------ DATASET
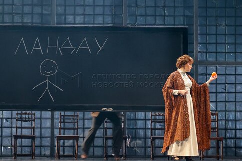 - Описание: Павел Попов (Лев Ландау) и Юлия Рутберг (Любовь Ландау). Пресс-показ спектакля «Солнце Ландау», в рамках Открытого фестиваля искусств «Черешневый лес», на основной сцене Государственного академического театра имени Вахтангова. Режиссер постановки – Анатолий Шульев.
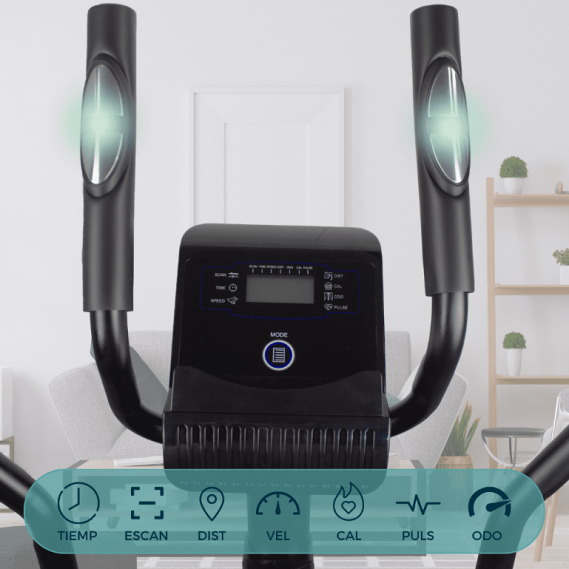 - Sigue eficazmente el proceso de la actividad con el monitor digital de fácil lectura: escaneo, velocidad, tiempo, calor, distancia, pulso
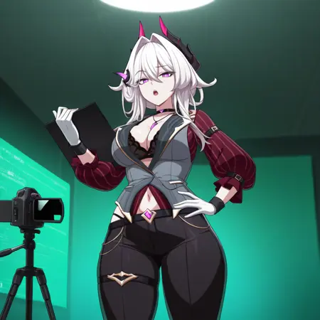 Thelema, Thel_Grv, purple eyes, medium hair, white hair, hair intakes, vest, grey vest, black bra, bra peek, necklace, alt black choker, navel peek, hair ornament, demon horns, striped shirt, tight pants, panty straps, buckle, belt, red thigh strap, black pants, white gloves, maroon shirt, puffy sleeves, alt long sleeves, cuffed sleeves, black wrist cuffs, maroon striped sleeves, white arm strap,
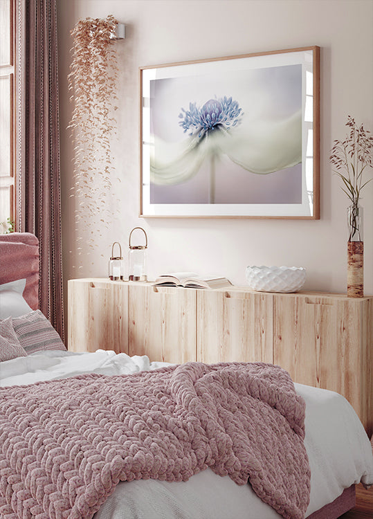 Dette drømmende makrofotografi fanger den skrøbelige elegance i en japansk anemone i bløde nuancer af hvid og lavendel. Med sine æteriske kronblade og detaljerede støvdragere udstråler kunstværket ro og renhed, og skaber et raffineret botanisk værk, der forener stilhed med tidløs blomsterskønhed.
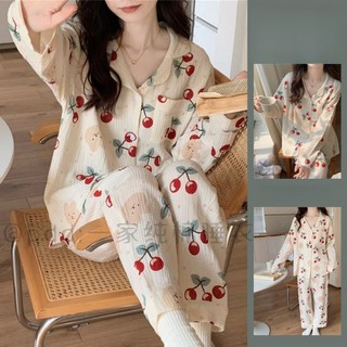 COSYEVNO 여성 잠옷 세트 봄 가을 프린트 러블리 패션 실내복 투피스
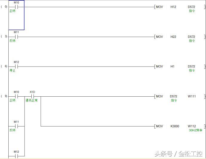 最后,设置完参数,配置好协议后,剩下就是编写程序,这里使用的专用指令是G(P).CPRTCL,大家可以参考L系列串行通信模块用户手册基本篇,这里不详细讲解指令使用方法。程序如下图:
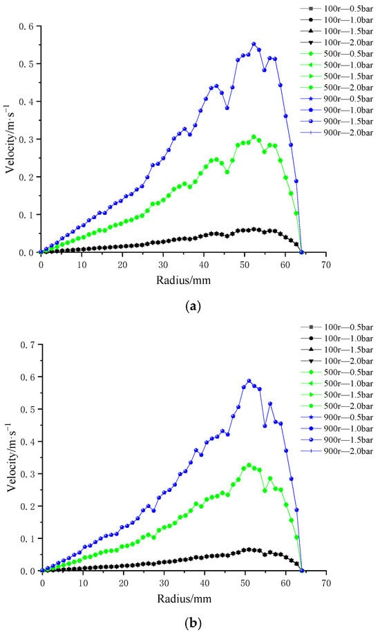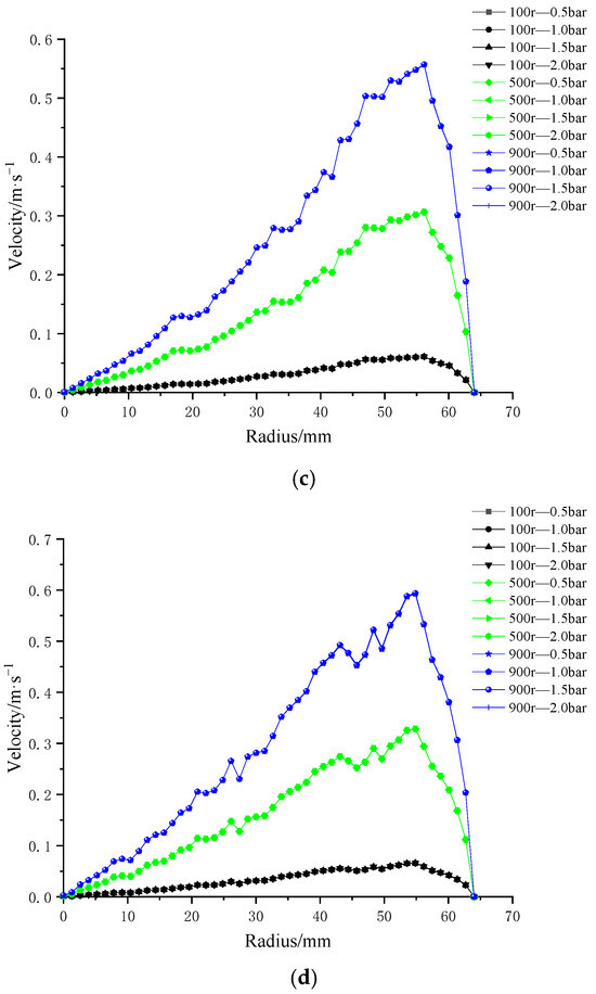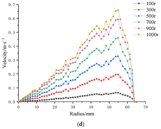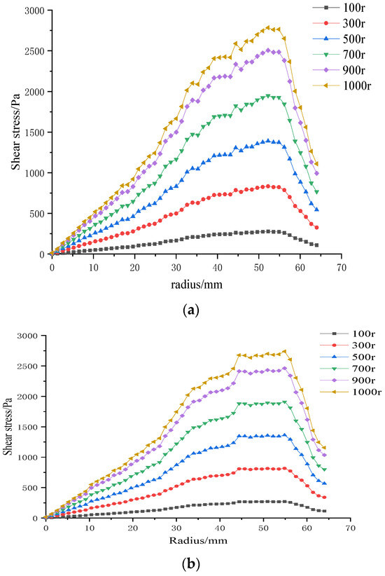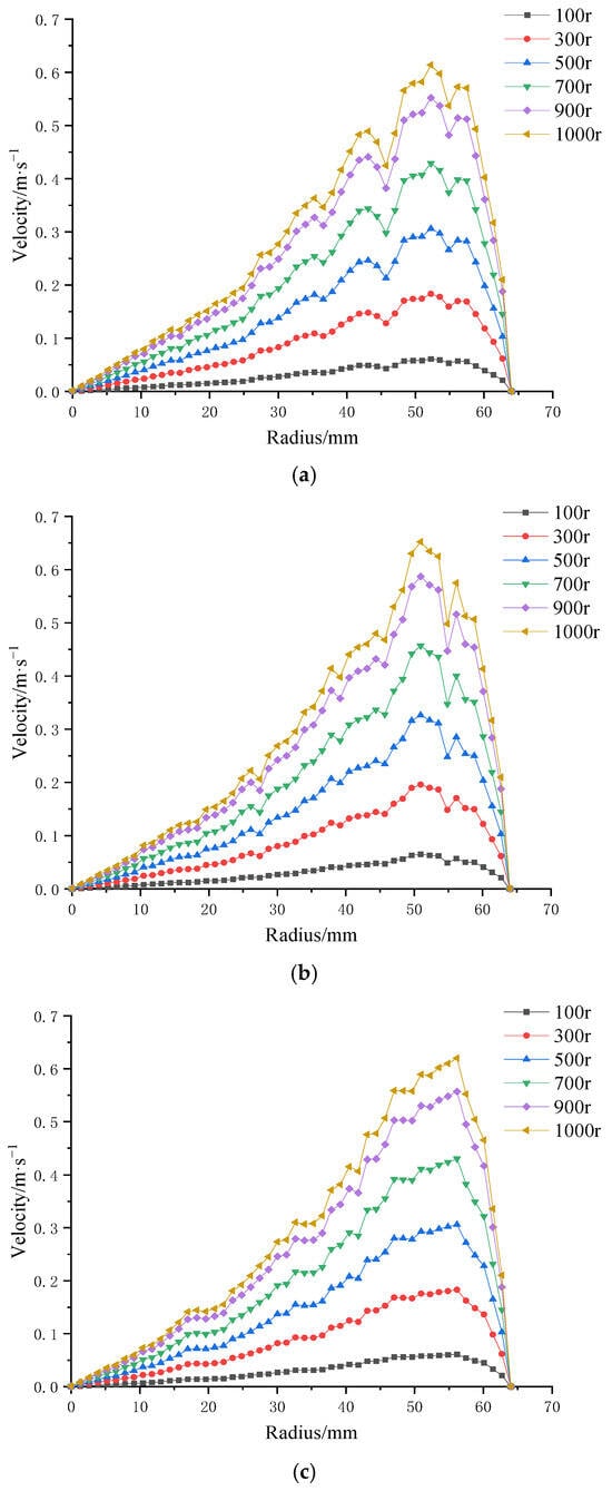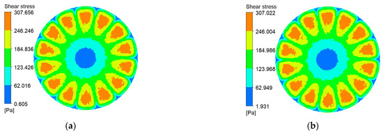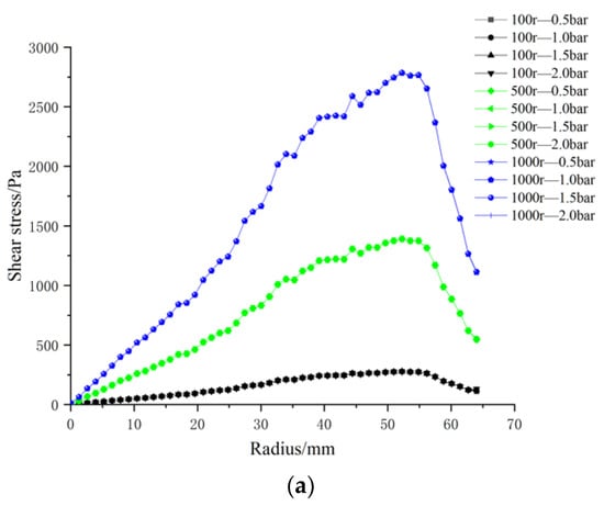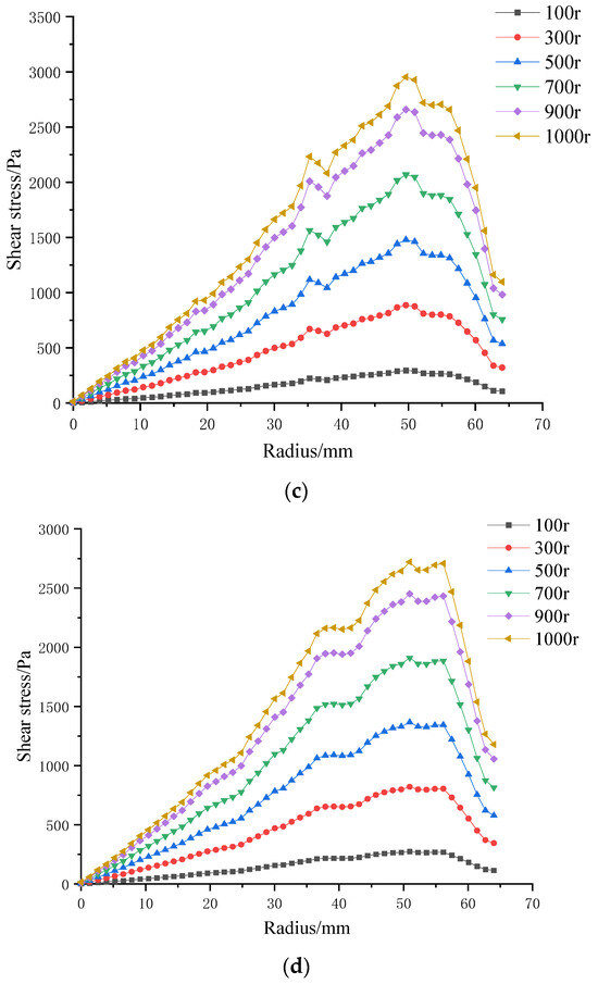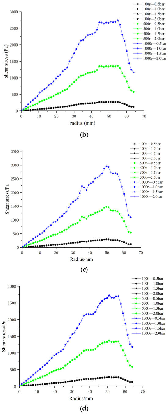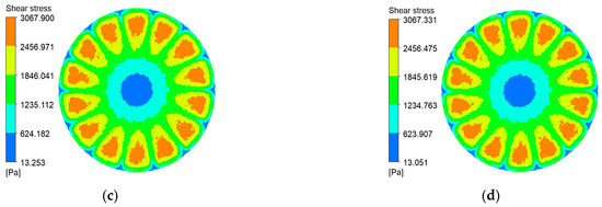 The results demonstrate that, for all four membrane patterns, shear rate increases progressively with rising impeller speed. Additionally, shear rate generally increases along the membrane radius. Notably, the membrane with the combined coarse–fine rib pattern (Figure 15c) exhibited a more stable and consistent increase in shear rate with radial distance, without the local decreases observed in the other three patterns. In contrast, the remaining membrane designs showed multiple fluctuations, characterized by alternating decreases and increases in shear rate along the radius.
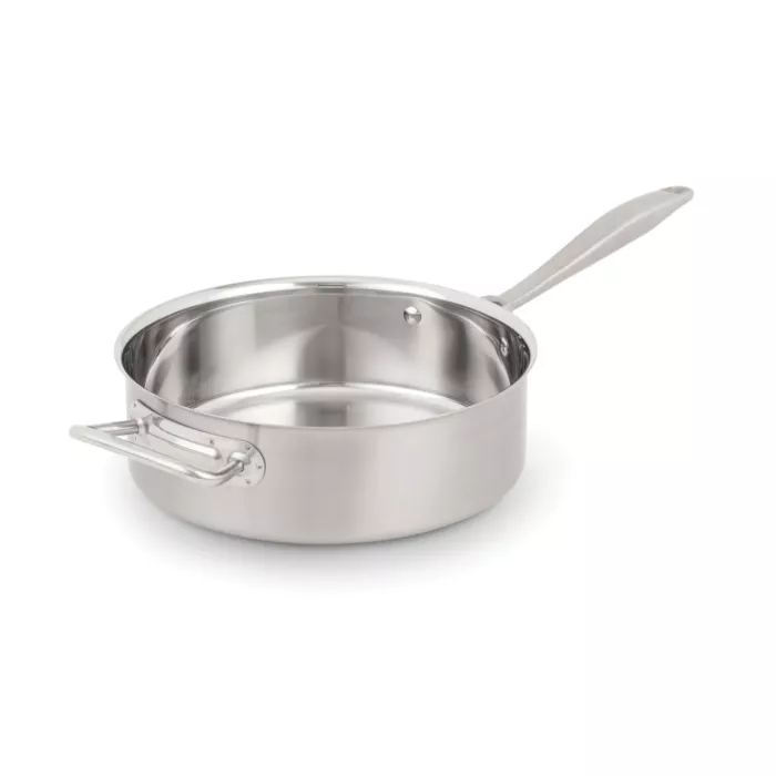 Introducing the Intrigue Sauté Pan by Vollrath, designed for induction ranges and offering exceptional efficiency, versatility, and performance. This 6-quart pan is made of heavy-duty 18-8 grade stainless steel, ensuring durability and longevity. The thick, permanently bonded bottom layer guarantees consistent heating and uniform cooking results, while the mirror-finish exterior adds a touch of elegance to your kitchen. The patented ergonomic riveted handle stays cool to the touch and provides a comfortable grip, while the convenient helper handle improves maneuverability. This sauté pan is oven- and dishwasher-safe, and its rounded lip allows for mess-free pouring. Covered by a lifetime limited warranty, this NSF-certified pan is perfect for sautéing, browning, frying, and more.
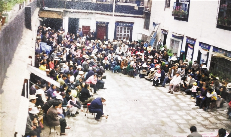 在當時拍的另一張照片上,幾十位居民擠在過道里準備投票。“那時候院子小,選舉時得側著身子站。”德吉卓嘎回憶道,“院子窄小,雨天積水,但絲毫不影響大家參與社區(qū)事務的熱情。”照片的一角,13歲的普布普赤正躲在母親身后好奇張望,如今她41歲,已成長為大院的戶長。
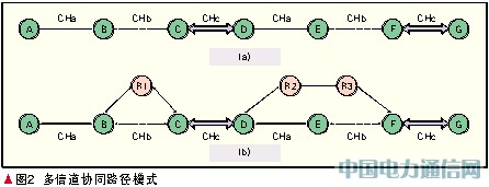 路由策略庫(kù)可以包含常規(guī)的路由協(xié)議,如IP協(xié)議。亦可設(shè)計(jì)一些適于異構(gòu)網(wǎng)絡(luò)環(huán)境的新型路由協(xié)議,如適應(yīng)新物理層技術(shù)MIMO的路由算法,支持鏈路協(xié)同、網(wǎng)絡(luò)協(xié)同的跨層路由算法[6]。圖2給出了一種自組織網(wǎng)絡(luò)中的鏈路協(xié)同方案。在自組織網(wǎng)絡(luò)的任意兩個(gè)節(jié)點(diǎn)之間,多跳鏈路可組成端到端的多信道“協(xié)同路徑”。在圖2(a)中,同路徑上的相鄰鏈路配置了不同的信道,當(dāng)節(jié)點(diǎn)以半雙工模式協(xié)同工作時(shí),鏈路A-B、C-D與E-F或鏈路B-C、D-E與F-G可同時(shí)工作,提升了路徑的流量,獲取了“協(xié)同路徑”增益。當(dāng)路徑上的信道配置與路徑附近區(qū)域的信道配置發(fā)生沖突時(shí),可構(gòu)建類(lèi)似圖2(b)所示的協(xié)同路徑,當(dāng)鏈路B-E不能履行路由任務(wù)時(shí),利用中繼節(jié)點(diǎn)R1構(gòu)建備用鏈路,獲取“協(xié)同路徑”增益。
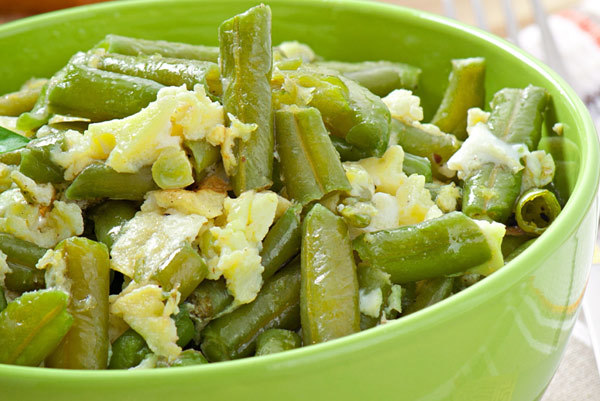 Cocer las judías verdes en agua caliente con sal y un chorro de aceite de oliva durante 40 minutos. Una vez cocidas, escurrir y reservar dejando enfriar. Montar el plato con las patatas cortadas en lonchas. En el centro poner las judías verdes. Alrededor, situar el tomate cortado en lonchas finas y las hojas de endibia. Alinar con sal y mayonesa aligerada con un poco de caldo de la cocción de las judías. También se puede alinar con aceite y vinagre.
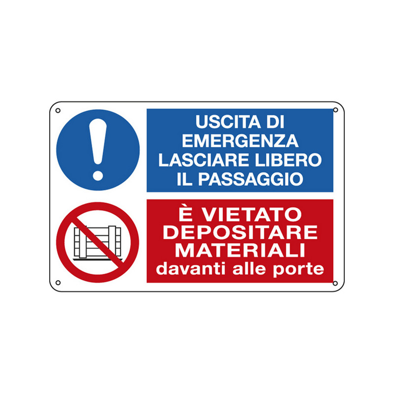 Cartello segnalatore multisimbolo - 30x20 cm - USCITA DI EMERGENZA…/E' VIETATO DEPOSITARE… - alluminio - Cartelli Segnalatori
------------
HOW TO COMPLETE THIS TASK —
The lines to copy exactly start with the line above that has "- Sigue eficazmente" and go on through the line that has "Introducing the Intrigue"; please include both, add nothing else, and omit the pictures.

REPLY TO THE EXERCISE —
 - Sigue eficazmente el proceso de la actividad con el monitor digital de fácil lectura: escaneo, velocidad, tiempo, calor, distancia, pulso
 Thelema, Thel_Grv, purple eyes, medium hair, white hair, hair intakes, vest, grey vest, black bra, bra peek, necklace, alt black choker, navel peek, hair ornament, demon horns, striped shirt, tight pants, panty straps, buckle, belt, red thigh strap, black pants, white gloves, maroon shirt, puffy sleeves, alt long sleeves, cuffed sleeves, black wrist cuffs, maroon striped sleeves, white arm strap,
 Dette drømmende makrofotografi fanger den skrøbelige elegance i en japansk anemone i bløde nuancer af hvid og lavendel. Med sine æteriske kronblade og detaljerede støvdragere udstråler kunstværket ro og renhed, og skaber et raffineret botanisk værk, der forener stilhed med tidløs blomsterskønhed.
 COSYEVNO 여성 잠옷 세트 봄 가을 프린트 러블리 패션 실내복 투피스
 最后,设置完参数,配置好协议后,剩下就是编写程序,这里使用的专用指令是G(P).CPRTCL,大家可以参考L系列串行通信模块用户手册基本篇,这里不详细讲解指令使用方法。程序如下图:
 The results demonstrate that, for all four membrane patterns, shear rate increases progressively with rising impeller speed. Additionally, shear rate generally increases along the membrane radius. Notably, the membrane with the combined coarse–fine rib pattern (Figure 15c) exhibited a more stable and consistent increase in shear rate with radial distance, without the local decreases observed in the other three patterns. In contrast, the remaining membrane designs showed multiple fluctuations, characterized by alternating decreases and increases in shear rate along the radius.
 Introducing the Intrigue Sauté Pan by Vollrath, designed for induction ranges and offering exceptional efficiency, versatility, and performance. This 6-quart pan is made of heavy-duty 18-8 grade stainless steel, ensuring durability and longevity. The thick, permanently bonded bottom layer guarantees consistent heating and uniform cooking results, while the mirror-finish exterior adds a touch of elegance to your kitchen. The patented ergonomic riveted handle stays cool to the touch and provides a comfortable grip, while the convenient helper handle improves maneuverability. This sauté pan is oven- and dishwasher-safe, and its rounded lip allows for mess-free pouring. Covered by a lifetime limited warranty, this NSF-certified pan is perfect for sautéing, browning, frying, and more.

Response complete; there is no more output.